Laura Baecher, Associate Professor, Department of Curriculum and Teaching, Hunter College of the City University of New York
Roberto J. Rodríguez, President and CEO, Teach Plus
Diane Staehr Fenner, President, SupportEd
Julie Sugarman, Senior Policy Analyst for PreK-12 Education, Migration Policy Institute
The COVID-19 pandemic has affected nearly every aspect of education. It is widely expected that English Learners (ELs) will suffer disproportionate impacts from school closures and the subsequent challenges of trying to engage in remote learning. Some of these challenges are the result of poor or no planning by school systems to integrate high-quality EL instruction in their remote education plans, while others are rooted in long-standing system weaknesses that fuel inequities facing EL students, such as persistent shortages of EL instructional specialists and insufficient preparation of general education teachers to meet the needs of a growing EL population.
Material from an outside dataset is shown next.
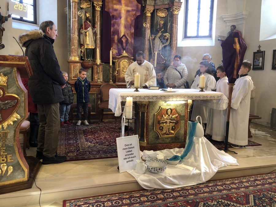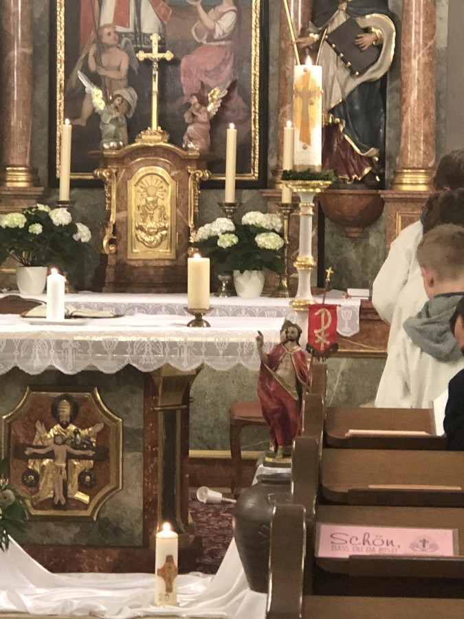 Die Kerze mit den Buchstaben Alpha und Omega und der Jahreszahle drückt aus, dass Anfang und Ende der Zeit, in die Ewigkeit Gottes eingeschrieben sind.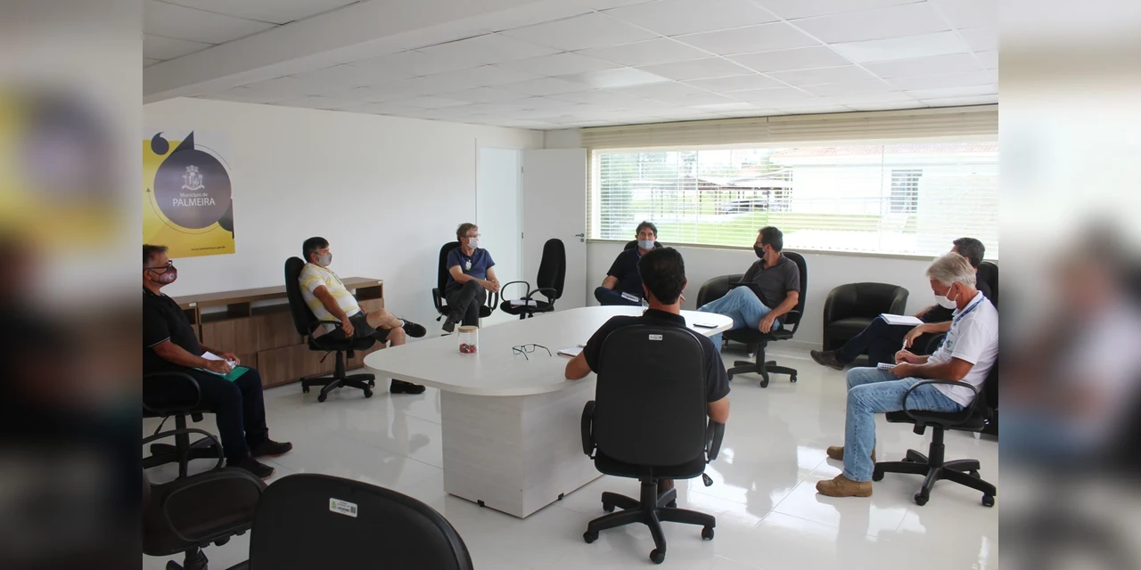 COM ASSESSORIAS - O prefeito Sérgio Belich, o vice-prefeito Major Schulli, e o secretário de Agricultura e Pecuária, Fernando Voltarelli, estiveram reunidos com a Central de Abastecimento do Paraná (Ceasa/PR), com o Instituto de Desenvolvimento Rural do Paraná (IDR), com a Associação de Produtores de Uva e com a Cooperativa de Agricultura Familiar de Palmeira (Cafpal) para discutir sobre a comercialização de produtos produzidos em Palmeira.

With many EL teachers sidelined in the move to remote and socially distanced learning, concerns about whether ELs have meaningful access to the K-12 curriculum are more palpable than at any time since the legal frameworks to safeguard their rights to an equitable education were created.
In this webcast, the second in a series on ELs and COVID-19 hosted by the Migration Policy Institute’s National Center on Immigrant Integration Policy, panelists will discuss the role that weaknesses in existing EL teacher education and professional development policies have played in schools’ uneven response to the pandemic, and lessons for future reform. They will also address how pre-service teacher education and in-service professional development for teachers already in the field have adapted to the present circumstances and how district and state policies can better support teacher development and appropriately leverage EL teacher expertise in remote and in-person instructional contexts.